Figure 3 shows the ROC-curves for the clinical assessment of the estimated fetal weight and symphysis-fundal height with areas under the curve of 0.82 and 0.73, respectively. For the same false-positive rate as CF, McNemar’s test showed that SC was superior to CF (p=0.014) (Supplementary Table 1).

Figure 3:

ROC-curves illustrating the performance of the clinical assessment by the midwife (A) and the symphysis-fundal height (B).

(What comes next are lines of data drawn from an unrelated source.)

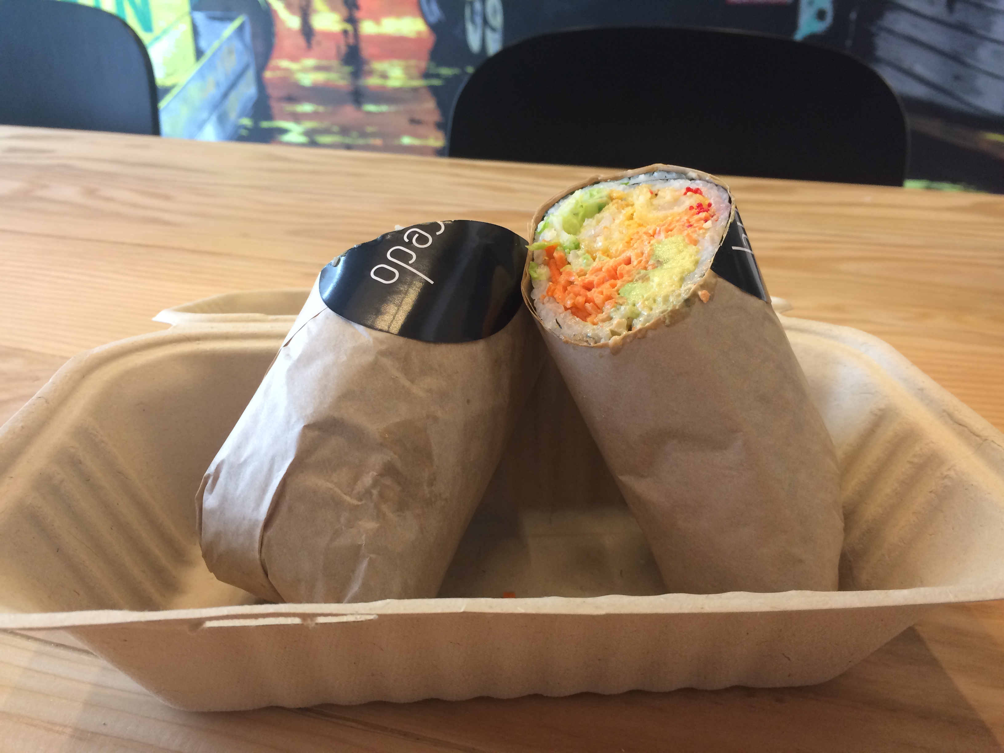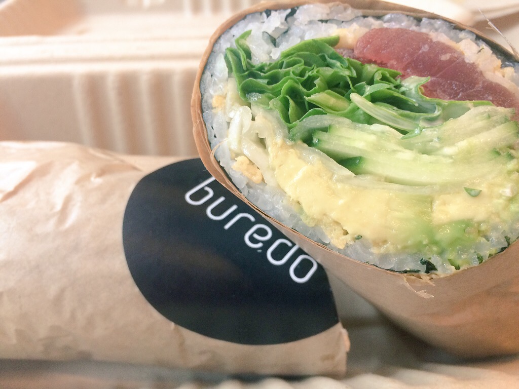 If you want to see shock on the level of someone seeing one of the Saw movies for the first time, show a classroom of Japanese students an American sushi menu. Mango! Cream cheese! Asparagus! We’ve taken a cuisine that usually consists of one or two ingredients and exotified it, sometimes even deep-frying entire rolls. Now, consider introducing them to Buredo: downtown’s buzziest lunch pit stop that supersizes sushi rolls until they reach the size of small burritos. Perhaps there will be an eye roll or two, but after one bite, anyone is bound to be smitten.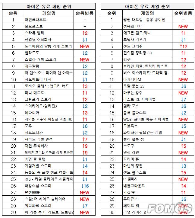 한편, 안드로이드 게임 순위는 지난주와 동일하기에 이번 주 차트에서는 다루지 않았다.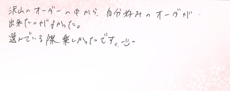 注文日とセレモニー日は私たちにとって一生の思い出です。大阪府 H.W様 (お渡し担当:小幅)
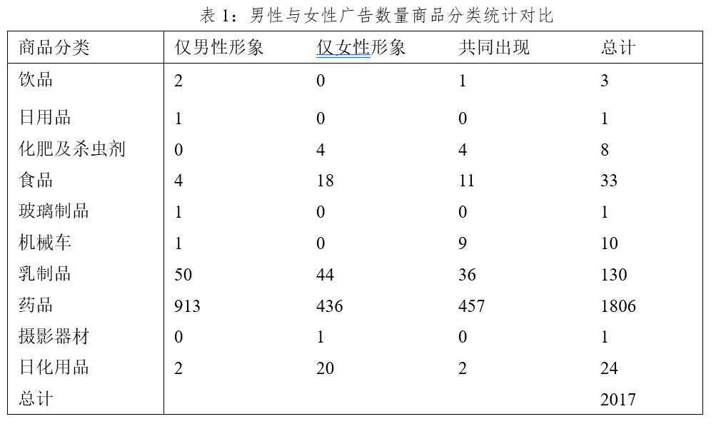 在CCAA数据库中,《越华报》相关广告数据共有3488条,其中含人物形象的有效数据共2017条,包括含有女性形象的1043条,含有男性形象的1494条,其中同时包含男性与女性形象的广告共520条。《越华报》中的外国商品广告中男性形象是数量几乎是女性数量的1.5倍数,说明这些广告更倾向于选择男性形象作为形象代言人。对于两性广告形象的数量对比,我们还分商品类型做了统计(表1)。由于《越华报》外国商品广告中收录了大量的医药产品广告,我们发现,此类商品的数据对总体数据的性别比例产生了很大影响;但在日用品和食品两类商品广告中,女性形象超过了男性形象的数量。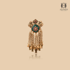 Vamika celebrates divine feminine power. Its design feels bold and protective, almost like a guardian for the wearer. The Vamika Ring is perfect for women who like strong, structured jewelry with presence. It pairs well with regal colors — deep maroons, forest greens, and gold-toned ensembles — making it a stunning choice for bridal looks or grand festivities. This ring feels empowering every time you wear it, a little reminder of your own inner goddess. Vamika is not just a jewel; it is a talisman of strength, a ring that makes you stand taller and feel unstoppable.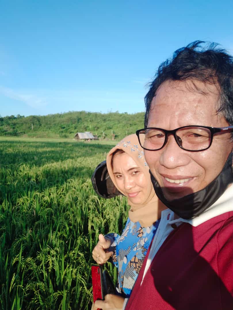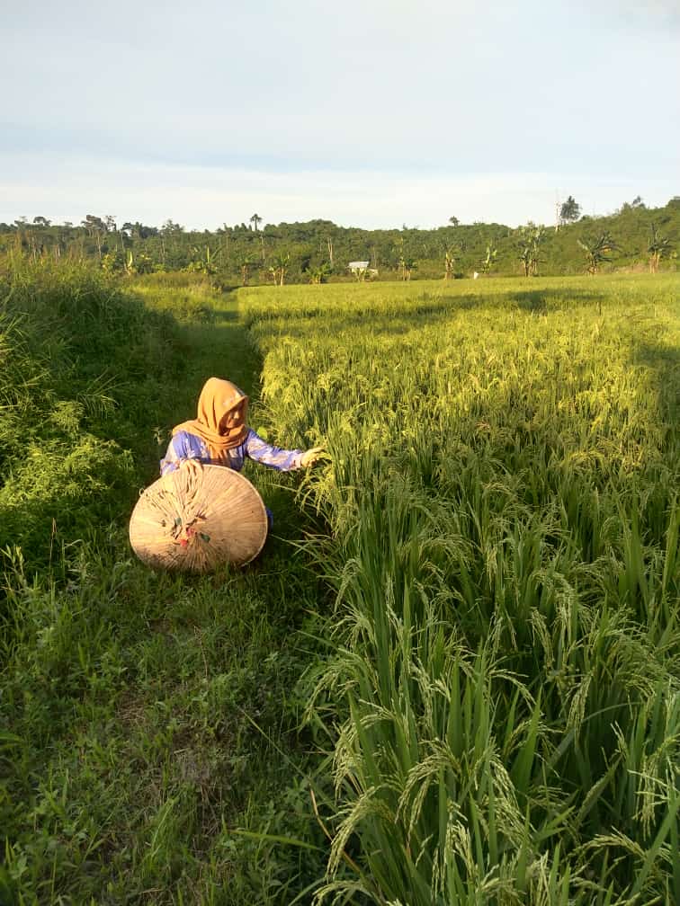 Istri kedua Kidang, Rusmini saat melihat hasil padi sawahnya yang sudah menguning.

In the CF group, two patients experienced AEs as redness after removal of the adhesive patch which resolved spontaneously (0.3 %). The distribution of reported SAEs can be seen in Supplementary Table 2. The SAEs covered abnormal prenatal flow measurements, anhydramnion, polyhydramnion, elevated liver enzymes, hypertension, preeclampsia, HELLP syndrome, maternal infection, pulmonary embolism, shortened cervix, premature rupture of membranes/preterm premature rupture of membranes, intrapartum fever, placental abruptio, instrumental delivery, emergency cesarean section, peripartum hemorrhage, asphyxia, 3rd degree rupture of perineum, preterm birth (<37 weeks’ gestation), endometritis, mastitis, post-partum urinary retention, malformation, neonatal apnea, neonatal hypoglycemia, neonatal icterus, neonatal immunization, neonatal infection, respiratory distress syndrome, neonatal weight loss, foetus mors (n=5), and neonatal death (n=1). There were significantly more SAEs in the SC group compared to the CF group (p<0.001). There were two cases of intrauterine fetal death in the CF group and three cases in the SC group. The case of neonatal death was in the CF group. None of the SAEs were found to be associated with the use of CF.

Discussion

In this study, we evaluated the performance and the safety of CF for the first time in a large randomized controlled study (safety+performance) and a prospective study (performance). Overall, we found that CF is safe with no risk of serious adverse events, and only 0.3 % experienced minor skin problems (redness) from the adhesive patch. We found no evidence that CF can be used as a predictor of FGR, as the CF had a low sensitivity of 50 % and a specificity of 43 %. The positive predictive value was very low (8.8 %), though possibly affected by the low incidence of FGR, while the negative predictive value was acceptable (88.6 %). Thus, we were unable to replicate previous findings regarding the clinical performance of CF.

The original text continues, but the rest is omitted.